Problem.
Drop the images. Copy every line below character for character.

Information supplied.
* * *
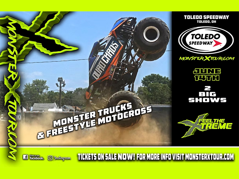 Toledo Speedway will be sports entertainment’s epicenter with the nation’s top monster trucks as they take over the speedway on June 14th for TWO monster shows! Come witness these incredible 10,000-pound, ground pounding giants compete in racing, wheelie contests, and then rock the house with amazing freestyle action during the Monster X Tour! Don’t forget about the EXCITING Freestyle Motorcross! Plus, you can meet the drivers and see the trucks up close at the FREE pre-event Autograph Pit Party!
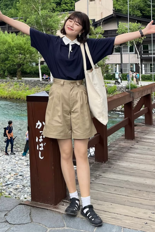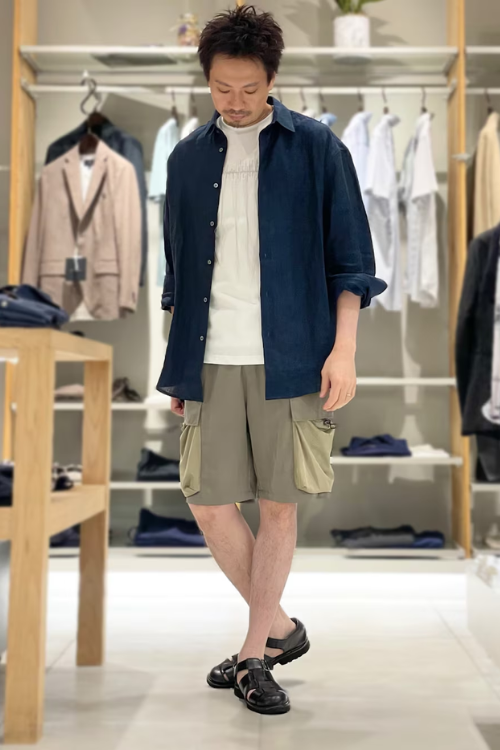 王道の短パンに合わせると、リラックスしながらも、大人の余裕と品の良さを感じさせてくれます。
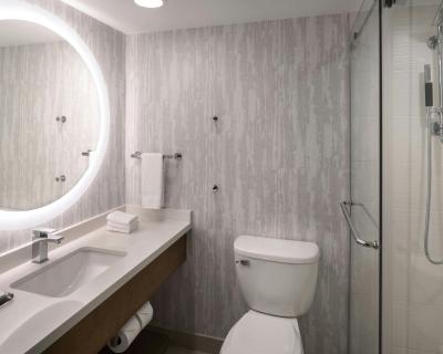 Accommodations feature a seating area with a sofa, small refrigerator, and microwave at the Clearwater Beach Marriott Resort on Sand Key Sand Key. Guests can enjoy views of Clearwater Bay from their suite's private balcony.
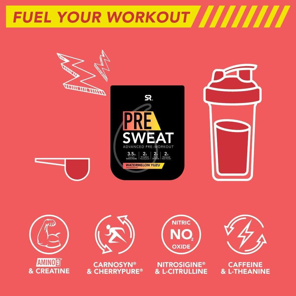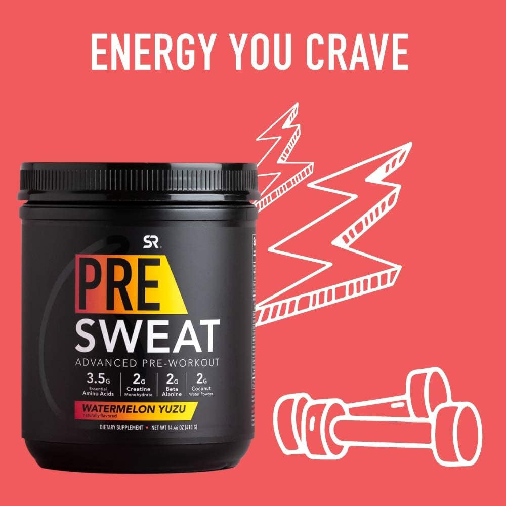 Sports Research Presweat Advanced Pre-Workout Energy Powder | 9 Essential Amino Acids, Organic Caffeine + L-Theanine, Creatine, Beta-Alanine, Acetyl- L-Carnitine, Tart Cherry (Watermelon Yuzu) 14.46Oz is backordered and will ship as soon as it is back in stock.
* * *
Solved exercise.
 Toledo Speedway will be sports entertainment’s epicenter with the nation’s top monster trucks as they take over the speedway on June 14th for TWO monster shows! Come witness these incredible 10,000-pound, ground pounding giants compete in racing, wheelie contests, and then rock the house with amazing freestyle action during the Monster X Tour! Don’t forget about the EXCITING Freestyle Motorcross! Plus, you can meet the drivers and see the trucks up close at the FREE pre-event Autograph Pit Party!
 王道の短パンに合わせると、リラックスしながらも、大人の余裕と品の良さを感じさせてくれます。
 Accommodations feature a seating area with a sofa, small refrigerator, and microwave at the Clearwater Beach Marriott Resort on Sand Key Sand Key. Guests can enjoy views of Clearwater Bay from their suite's private balcony.
 Sports Research Presweat Advanced Pre-Workout Energy Powder | 9 Essential Amino Acids, Organic Caffeine + L-Theanine, Creatine, Beta-Alanine, Acetyl- L-Carnitine, Tart Cherry (Watermelon Yuzu) 14.46Oz is backordered and will ship as soon as it is back in stock.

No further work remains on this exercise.